[Data excerpts]
◆ ◆ ◆

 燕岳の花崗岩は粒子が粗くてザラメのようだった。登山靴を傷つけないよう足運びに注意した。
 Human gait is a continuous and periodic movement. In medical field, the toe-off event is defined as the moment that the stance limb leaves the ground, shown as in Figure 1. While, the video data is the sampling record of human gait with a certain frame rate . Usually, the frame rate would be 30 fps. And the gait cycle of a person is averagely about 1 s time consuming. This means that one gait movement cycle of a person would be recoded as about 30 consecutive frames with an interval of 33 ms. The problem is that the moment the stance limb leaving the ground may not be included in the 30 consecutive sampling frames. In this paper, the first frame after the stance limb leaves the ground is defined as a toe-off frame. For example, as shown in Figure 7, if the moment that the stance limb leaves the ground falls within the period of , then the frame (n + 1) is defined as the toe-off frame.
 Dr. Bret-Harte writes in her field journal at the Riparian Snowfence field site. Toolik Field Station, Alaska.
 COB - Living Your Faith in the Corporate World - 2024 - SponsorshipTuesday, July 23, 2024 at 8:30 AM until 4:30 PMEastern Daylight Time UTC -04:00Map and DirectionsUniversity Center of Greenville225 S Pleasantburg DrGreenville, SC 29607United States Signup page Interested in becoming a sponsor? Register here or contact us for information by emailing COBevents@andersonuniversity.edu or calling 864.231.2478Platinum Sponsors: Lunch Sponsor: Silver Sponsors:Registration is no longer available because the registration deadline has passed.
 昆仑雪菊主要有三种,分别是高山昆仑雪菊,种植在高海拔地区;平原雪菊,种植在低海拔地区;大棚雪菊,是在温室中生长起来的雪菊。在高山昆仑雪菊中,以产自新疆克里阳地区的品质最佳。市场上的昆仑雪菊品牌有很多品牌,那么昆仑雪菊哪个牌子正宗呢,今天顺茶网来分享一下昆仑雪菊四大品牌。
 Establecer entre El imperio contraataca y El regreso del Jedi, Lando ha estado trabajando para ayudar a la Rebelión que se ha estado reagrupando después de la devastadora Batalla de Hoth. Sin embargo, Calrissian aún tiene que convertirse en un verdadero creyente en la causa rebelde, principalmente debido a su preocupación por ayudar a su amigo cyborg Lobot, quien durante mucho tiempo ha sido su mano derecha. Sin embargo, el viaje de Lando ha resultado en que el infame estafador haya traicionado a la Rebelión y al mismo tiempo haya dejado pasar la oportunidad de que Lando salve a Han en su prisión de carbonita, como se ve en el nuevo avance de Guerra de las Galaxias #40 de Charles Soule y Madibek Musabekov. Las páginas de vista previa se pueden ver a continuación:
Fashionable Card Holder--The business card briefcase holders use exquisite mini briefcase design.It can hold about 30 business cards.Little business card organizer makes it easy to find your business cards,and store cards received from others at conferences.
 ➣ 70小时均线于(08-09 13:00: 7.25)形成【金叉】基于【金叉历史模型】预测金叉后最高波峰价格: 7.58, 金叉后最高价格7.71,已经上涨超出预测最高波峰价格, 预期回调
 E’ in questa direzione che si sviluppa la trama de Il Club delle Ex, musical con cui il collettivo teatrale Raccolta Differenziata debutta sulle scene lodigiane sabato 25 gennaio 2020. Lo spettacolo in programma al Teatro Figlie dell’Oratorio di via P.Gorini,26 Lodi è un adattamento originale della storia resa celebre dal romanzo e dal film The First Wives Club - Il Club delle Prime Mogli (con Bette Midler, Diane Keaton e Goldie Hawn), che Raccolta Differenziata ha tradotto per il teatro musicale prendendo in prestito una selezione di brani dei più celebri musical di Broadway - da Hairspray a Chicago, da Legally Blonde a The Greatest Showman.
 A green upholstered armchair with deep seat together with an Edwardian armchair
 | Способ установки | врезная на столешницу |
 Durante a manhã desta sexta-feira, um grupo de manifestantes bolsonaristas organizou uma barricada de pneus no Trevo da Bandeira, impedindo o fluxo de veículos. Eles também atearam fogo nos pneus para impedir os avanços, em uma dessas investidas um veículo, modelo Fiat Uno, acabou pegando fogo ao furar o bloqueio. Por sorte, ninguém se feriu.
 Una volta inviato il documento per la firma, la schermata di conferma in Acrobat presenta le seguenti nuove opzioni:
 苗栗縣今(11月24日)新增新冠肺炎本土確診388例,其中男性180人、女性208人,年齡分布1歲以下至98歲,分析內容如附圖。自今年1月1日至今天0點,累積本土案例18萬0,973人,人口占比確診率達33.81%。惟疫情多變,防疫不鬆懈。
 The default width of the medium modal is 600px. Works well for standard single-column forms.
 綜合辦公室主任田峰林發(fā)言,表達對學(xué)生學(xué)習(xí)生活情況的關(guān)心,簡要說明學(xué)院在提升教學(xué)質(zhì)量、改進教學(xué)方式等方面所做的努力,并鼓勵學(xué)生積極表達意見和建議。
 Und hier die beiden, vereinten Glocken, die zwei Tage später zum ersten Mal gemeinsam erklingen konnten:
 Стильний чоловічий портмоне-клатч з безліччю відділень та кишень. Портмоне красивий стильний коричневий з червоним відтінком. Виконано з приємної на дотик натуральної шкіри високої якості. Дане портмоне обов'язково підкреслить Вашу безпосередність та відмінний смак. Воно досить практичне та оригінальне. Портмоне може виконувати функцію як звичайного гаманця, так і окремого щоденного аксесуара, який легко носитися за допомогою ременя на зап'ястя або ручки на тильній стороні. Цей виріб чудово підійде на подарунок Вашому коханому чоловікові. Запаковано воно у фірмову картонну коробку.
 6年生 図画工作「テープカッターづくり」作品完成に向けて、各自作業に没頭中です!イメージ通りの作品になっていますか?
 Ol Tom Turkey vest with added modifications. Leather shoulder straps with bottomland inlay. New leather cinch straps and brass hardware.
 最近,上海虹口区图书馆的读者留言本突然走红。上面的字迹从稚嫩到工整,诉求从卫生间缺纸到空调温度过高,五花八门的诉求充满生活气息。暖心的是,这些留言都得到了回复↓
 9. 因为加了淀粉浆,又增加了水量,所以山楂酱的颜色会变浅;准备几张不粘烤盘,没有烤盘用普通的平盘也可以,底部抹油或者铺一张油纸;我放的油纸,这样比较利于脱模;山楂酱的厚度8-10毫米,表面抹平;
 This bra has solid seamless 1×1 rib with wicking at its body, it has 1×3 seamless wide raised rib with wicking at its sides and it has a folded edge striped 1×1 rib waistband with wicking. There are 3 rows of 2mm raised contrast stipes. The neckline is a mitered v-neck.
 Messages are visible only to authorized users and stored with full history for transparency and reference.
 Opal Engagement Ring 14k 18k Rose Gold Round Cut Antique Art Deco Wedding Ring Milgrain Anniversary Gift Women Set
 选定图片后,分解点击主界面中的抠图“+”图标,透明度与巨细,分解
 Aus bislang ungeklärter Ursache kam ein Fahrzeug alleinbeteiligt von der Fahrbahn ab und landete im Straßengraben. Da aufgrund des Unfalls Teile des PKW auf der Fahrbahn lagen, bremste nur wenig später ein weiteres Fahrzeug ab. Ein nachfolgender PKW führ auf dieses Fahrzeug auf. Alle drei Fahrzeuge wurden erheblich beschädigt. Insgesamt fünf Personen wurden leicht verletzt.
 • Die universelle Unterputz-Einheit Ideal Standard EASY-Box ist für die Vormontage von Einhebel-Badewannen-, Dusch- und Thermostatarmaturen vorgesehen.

◆ ◆ ◆

Taking the entries above, write out exactly each line from the one holding "Стильний чоловічий портмоне-клатч" to the one holding "6年生 図画工作「テープカッ", both included, and stop there.

 Стильний чоловічий портмоне-клатч з безліччю відділень та кишень. Портмоне красивий стильний коричневий з червоним відтінком. Виконано з приємної на дотик натуральної шкіри високої якості. Дане портмоне обов'язково підкреслить Вашу безпосередність та відмінний смак. Воно досить практичне та оригінальне. Портмоне може виконувати функцію як звичайного гаманця, так і окремого щоденного аксесуара, який легко носитися за допомогою ременя на зап'ястя або ручки на тильній стороні. Цей виріб чудово підійде на подарунок Вашому коханому чоловікові. Запаковано воно у фірмову картонну коробку.
 6年生 図画工作「テープカッターづくり」作品完成に向けて、各自作業に没頭中です!イメージ通りの作品になっていますか?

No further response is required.